Record Breakers In Any Other Year

Good news: you’re one of the greatest athletes of all time! Bad news: you peaked in the same year as someone just a little bit better.



Sammy Sosa Roger Maris set the single-season home run record of 61 in 1961, a record that would stand for more than 35 years. In 1998, Mark McGwire and Sammy Sosa battled each other to break Maris’s record…and both did. Sosa’s 66 obliterated Maris’s 61, and he would’ve held the single-season record had he played in any other season. That’s because McGwire finished the season with 70. (Barry Bonds would hit 73 just three years later…and, along with McGwire and Sosa, was linked to performance-enhancing drugs.)


Sham was one of the fastest thoroughbred racehorses of all time. He could’ve even won horse racing’s Triple Crown…had he not had the misfortune of competing the same year as Secretariat, the fastest and most famous racehorse of the 20th century, if not all time. Sham finished second in the Kentucky Derby with a time of under two minutes, a feat not equaled until 2001, not counting the slightly better time of the horse that beat him, Secretariat. In the next branch of the Triple Crown, Sham again finished second (behind Secretariat). And at the Belmont Stakes, Sham burst out to a quick lead, only to lose once again to Secretariat.
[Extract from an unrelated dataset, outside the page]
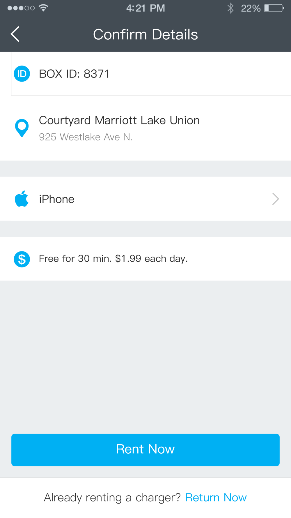 Located in businesses across Seattle, AnkerBox dispenses portable phone chargers. Chargers can be rented from and returned to any box using the AnkerBox app. Charge your phone anywhere. No cords. No outlets. No awkwardly waiting by a wall. It’s free for 30 minutes. Then, $1.99 each day.
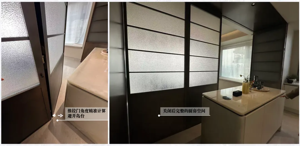 你会发现推拉门和岛台有恰到好处的空间预留,而合上门则严丝合缝

In baseball, the lower a pitcher’s ERA or earned run average, the better he’s doing—allowing fewer runners to score. Rarely does a pitcher’s ERA fall below 2.0, but in 1968, pitchers in both leagues threw their way to historically low levels. Luis Tiant of the Cleveland Indians finished the season with an ERA of 1.603, the lowest since Eddie Cicotte got to 1.532 in 1917. But Bob Gibson of the St. Louis Cardinals achieved an even lower ERA that same season: 1.123, the lowest ever in baseball’s modern age (a record that still stands).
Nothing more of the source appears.